I-Cards, Arrest Warrants and Bench Warrants

Police frequently misinform suspects that they’re named in "arrest warrants". Most of the time, suspects are named in “i-cards”, which are issued by police, or "bench warrants", which are issued by courts.

A person is “wanted” by police when he is named in an arrest warrant, a bench warrant, or an i-card. Stated a bit differently, a person named in an arrest warrant, a bench warrant, or an i-card is the subject of a “want”.

An i-card is a “want”. It isn’t a “warrant”. Again, this is because an i-card, while often justifying a legal arrest, isn’t issued by a court.

Criminal Courts frequently issue two kinds of warrants as the basis for police to arrest people in New York City: “bench warrants” and “arrest warrants”.

Courts issue bench warrants when defendants fail to complete court-imposed obligations. For example, if a person fails to appear in court on a scheduled date, or fails to pay a fine on time, the court will issue a bench warrant. On average, New York City Criminal Courts issue hundreds of bench warrants each business day.

Courts issue arrest warrants when police officers make written applications that establish “probable cause” to believe that the person named in the warrant has committed a crime. Courts issue arrest warrants relatively infrequently, because police rarely need arrest warrants to make arrests.

Also, filing an arrest warrant in court “commences” a criminal action against the person named in the warrant. This often starts the “speedy trial clock” to start ticking against the prosecutor. Courts dismiss criminal cases when too much “speedy trial time” goes by. For this reason, prosecutors generally prefer not to seek arrest warrants.

Instead, police frequently create i-cards, which can likewise provide a lawful basis for arrest. Creating an i-card takes much less time and effort than getting an arrest warrant signed by a judge.

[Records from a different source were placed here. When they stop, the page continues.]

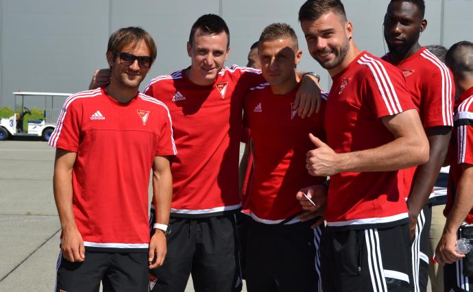 Másfélórás repülőút után a DVSC-TEVA gépe leszállt Riminiben, a Federico Fellini nemzetközi repülőtéren.Innen bő félórás buszútra volt a Loki szálláshelye, a négycsillagos Grand Hotel Primavera, amely San Marino egyik kisvárosában, Borgo Maggioréban található, és éppen piros-fehér színekben pompázik.
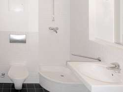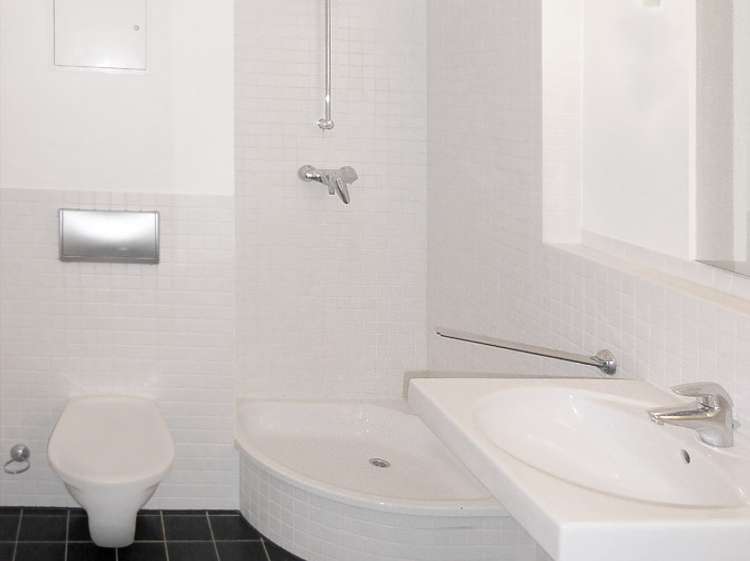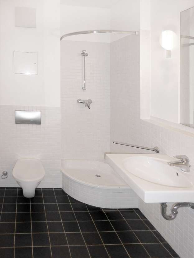 - Hell gefliestes Badezimmer mit Dusche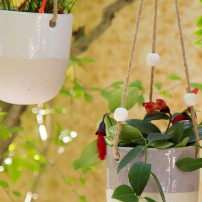 This lovely set of hanging pots comes in a set of four. Hang them together or separately throughout the home. Constructed of stoneware, each is glazed with a different neutral color. They can hold 4 inch pots, perfect to hang the best small plants.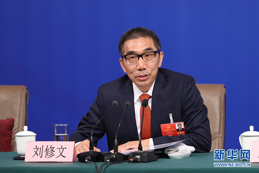 十三屆全國人大一次會(huì)議新聞中心于3月12日15時(shí)在梅地亞中心多功能廳舉行記者會(huì),邀請(qǐng)十二屆全國人大財(cái)經(jīng)委副主任委員尹中卿、教科文衛(wèi)委副主任委員吳恒、環(huán)資委副主任委員袁駟、內(nèi)司委委員鄭功成,全國人大常委會(huì)預(yù)算工委副主任劉修文、常委會(huì)辦公廳秘書局巡視員傅文杰就“人大監(jiān)督工作”相關(guān)問題回答中外記者提問。圖為全國人大常委會(huì)預(yù)算工委副主任劉修文回答記者提問。新華網(wǎng)/中國政府網(wǎng) 陳杰 攝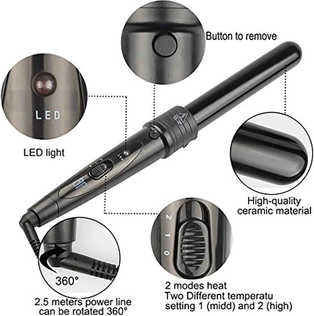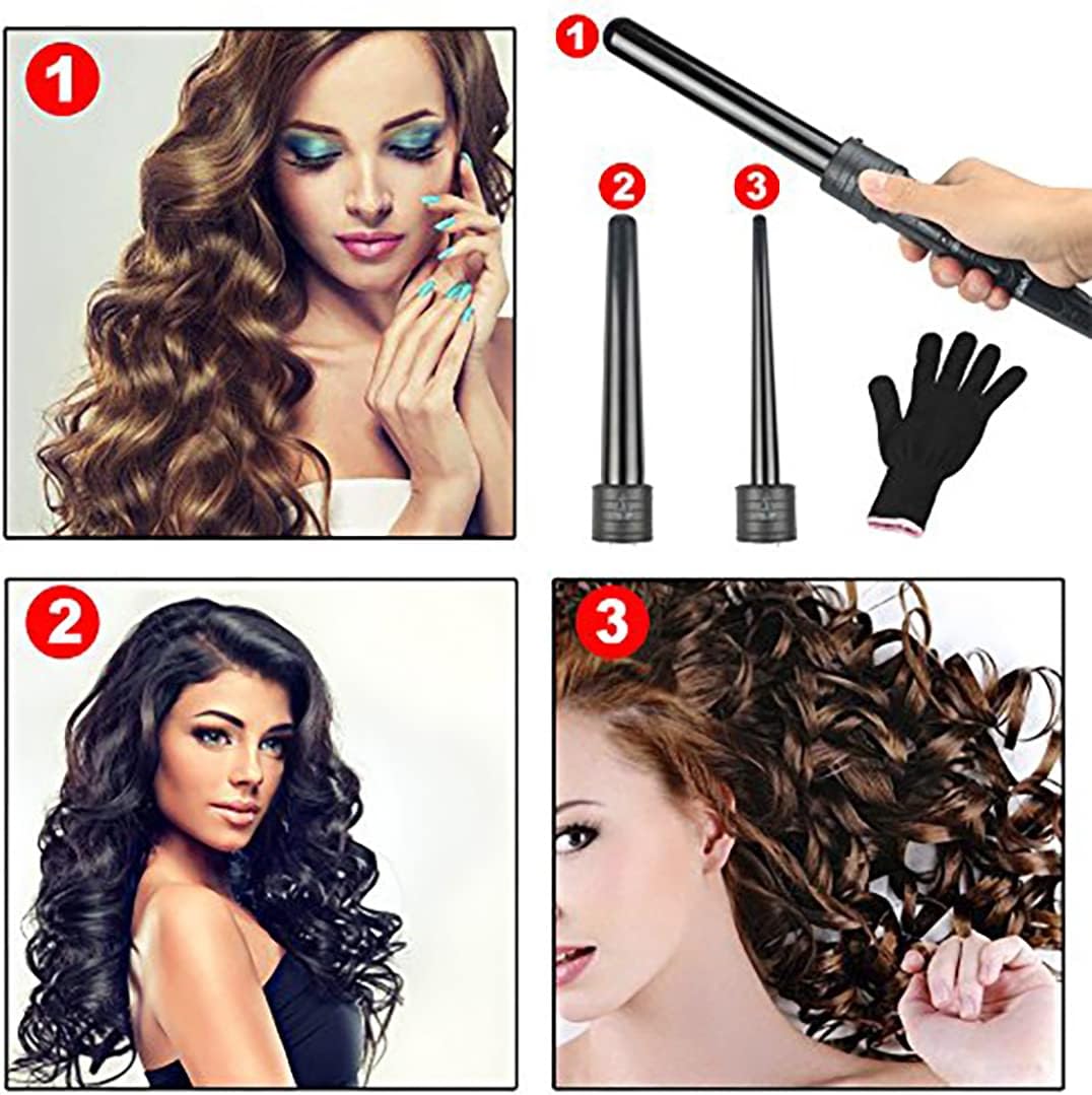 Juego de rizadores 3 en 1: Este rizador de pelo ofrece 3 barriles de cerámica diferentes de diferentes formas y tamaños para permitir la máxima versatilidad con su estilo de rizado para un aspecto más natural. Satisface tus diferentes necesidades de estilo de rizado. Este juego de rizadores te permitirá crear sin esfuerzo cualquier estilo que quieras en casa, en el salón o en movimiento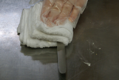 | ■失敗例 右の写真はごく普通にご家庭で使われている包丁(三徳)で当店のロールケーキを切った写真です。見ての通り毎日ロールケーキを切っている私達スタッフもなかなか上手に切れません。 高さのある包丁では切っている間に生クリームがたくさん包丁にくっついてしまいます。その生クリームが周りのスポンジを引きずって、切れば切る程ケーキが崩れていきます。 |
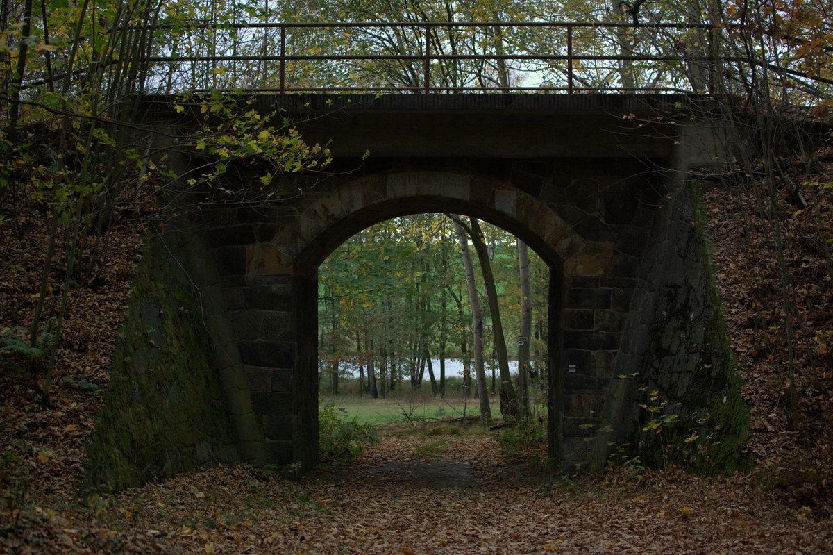 typische Brücke über einen Waldweg in Sachsen , KSB Strecke 252, Löbau Zittau, heute nicht mehr regulär in Betrieb. 27.10.2019 12:52 Uhr. Regen zieht auf. Siegfried Heße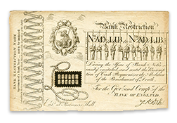In 1797 William Pitt the Younger (1759-1806), the prime minister (1783-1801 and 1804-06) who led Britain through the early part of the Napoleonic Wars, pushed a decree through Parliament known as the “Bank Restriction Act.” This legislation removed the requirement that Bank of England notes be exchangeable for gold or silver. The “restriction” ironically resulted in a huge expansion of paper money production as the government, businesses and individuals hoarded silver and gold. In conjunction with this new law, £1 and £2 notes were issued for the first time to make up for the coin shortage.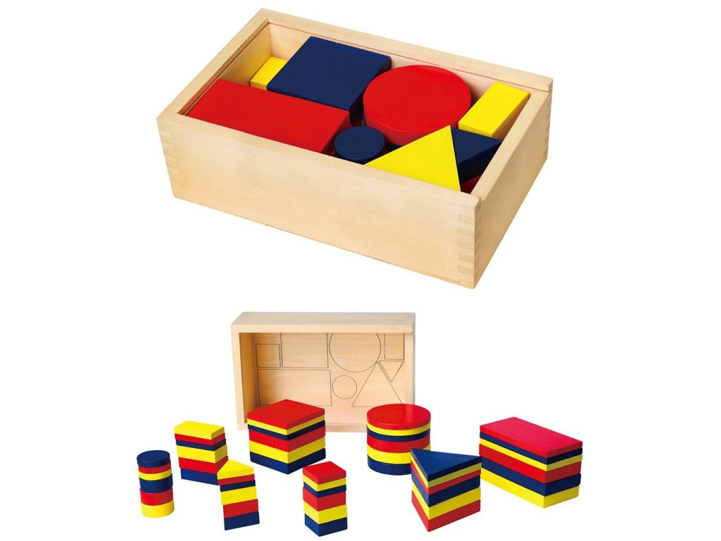 Geometrické kocky pomáhajú deťom naučiť sa rozpoznávať a pomenovať farby, geometrické tvary (kruh, štvorec, obdĺžnik a trojuholník), rozvíjať predstavivosť, zlepšovať počítanie.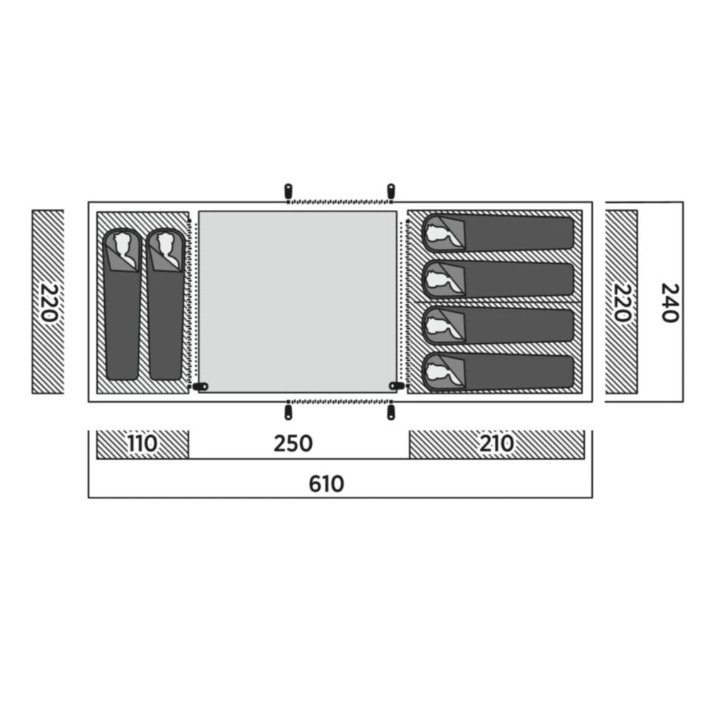 The Leka Twin 6 Vis-à-Vis tent is one of the larger models in the Easy Camp Venture range. It offers sleeping space for up to 6 people, with separate sections at each end, making it the ideal design for bringing friends or older children, providing added privacy. Constructed from lightweight materials, the tent is easy to manage, and the removable groundsheet in the living area helps reduce its packed size. It’s an ideal base camp for your outdoor adventures. Simple features like inner pockets and lantern hanging points let you personalize the space while keeping your essentials within easy reach. A darkened inner reduces morning light, which helps you have a longer rest.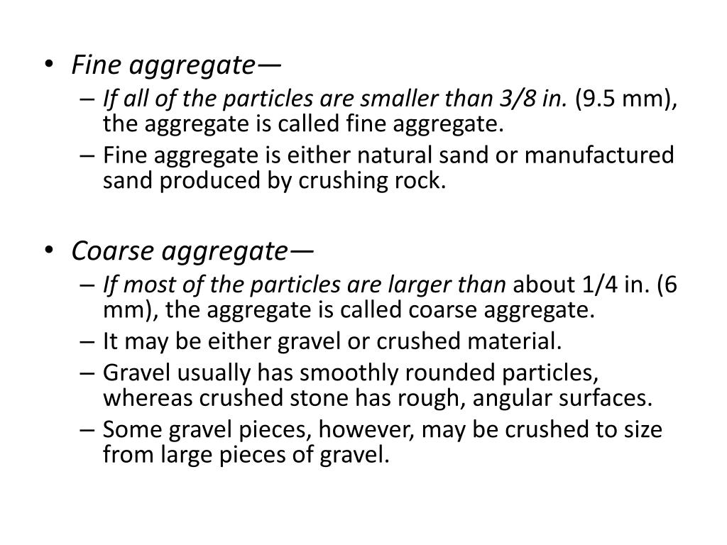 Fine aggregate— • If all of the particles are smaller than 3/8 in. (9.5 mm), the aggregate is called fine aggregate. • Fine aggregate is either natural sand or manufactured sand produced by crushing rock. • Coarse aggregate— • If most of the particles are larger than about 1/4 in. (6 mm), the aggregate is called coarse aggregate. • It may be either gravel or crushed material. • Gravel usually has smoothly rounded particles, whereas crushed stone has rough, angular surfaces. • Some gravel pieces, however, may be crushed to size from large pieces of gravel.
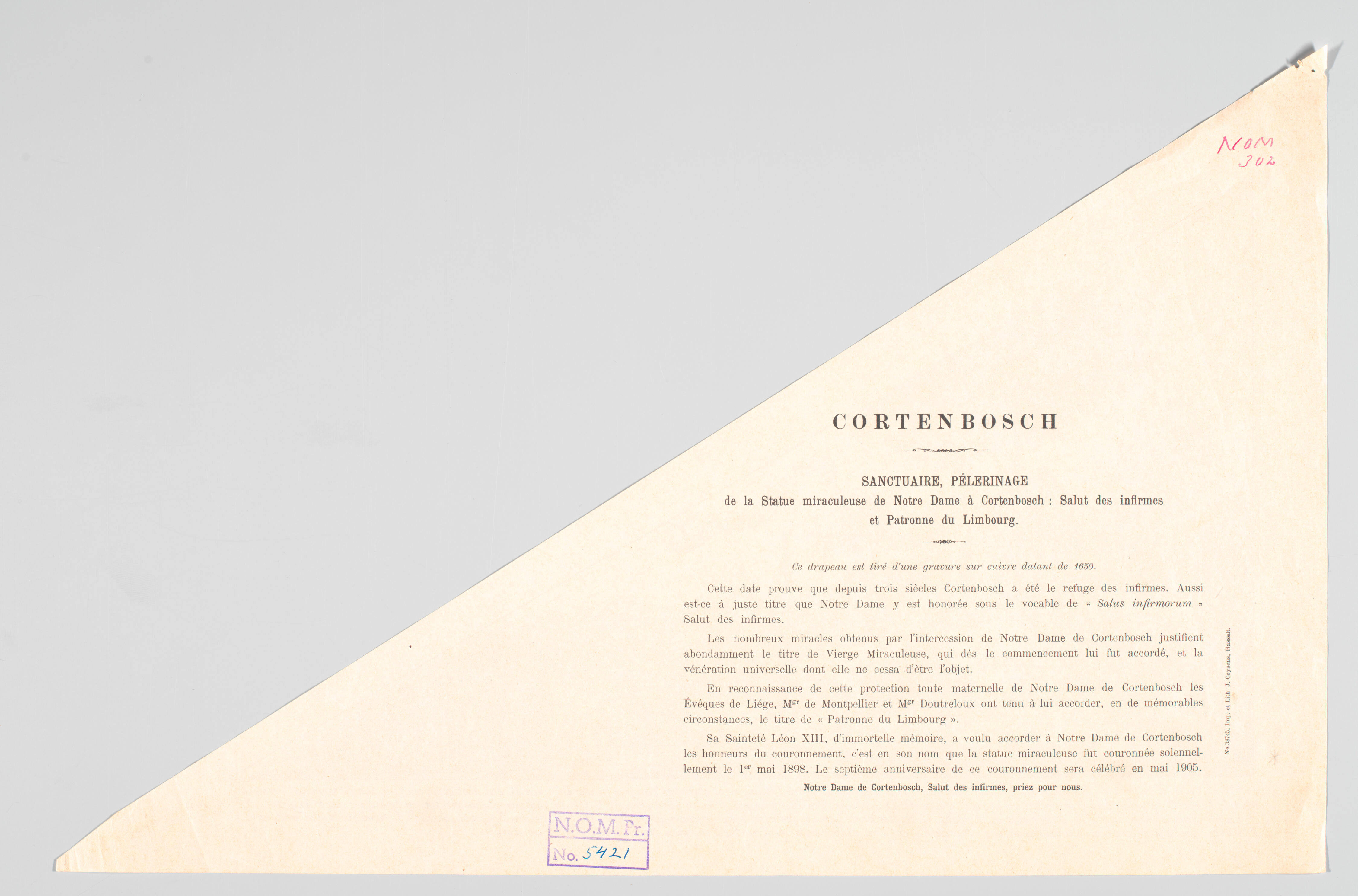 Driehoekig bedevaartvaantje van papier uit Kortenbosch met een houten kapel bij een eikenboom met een devotiebeeld van Maria met kindje Jezus. Rechts voor de kapel knielen twee geestelijken. Links loopt een stoet mannen en vrouwen, met voorop een priester die met zijn linkerhand naar de kapel gebaart. Links op de voorgrond is een pelgrim verbeeld ...

Also, doing so doesn’t create speedy trial issues for prosecutors.

The term “i-card” is short for “investigation card”. It’s an internal notification indicating that the NYPD is looking for a “subject”. The person named in an i-card isn’t always someone who police possess probable cause to arrest. The subject might be a “person of interest” who is wanted for questioning. Whether you’re wanted for arrest or questioning, you should never speak with police.

I-card information is entered into an NYPD database. Digitized i-card information is useful for apprehending people wanted by the NYPD: i-cards inform police officers who have no personal knowledge of a case to detain the person named in the i-card.

For example, when stopping a driver for a traffic infraction, a police officer will run the driver’s name through various databases. If doing so triggers an i-card “hit”, the officer will detain the driver.

Police routinely misinform suspects that they’re named in arrest warrants. Police do this because they believe that suspects are more likely to turn themselves in when they falsely believe a judge has issued an arrest warrant. Police commonly notify suspects by phone, or through family members, that they’re named in warrants when in fact they’re named in i-cards.

Despite such deception, from a defendant’s point of view, voluntary surrender, arranged by counsel, with the defendant saying absolutely nothing to police, is virtually always the best course of action, regardless whether the basis for arrest is a warrant or an i-card.


Bruce Yerman is a New York City criminal defense attorney.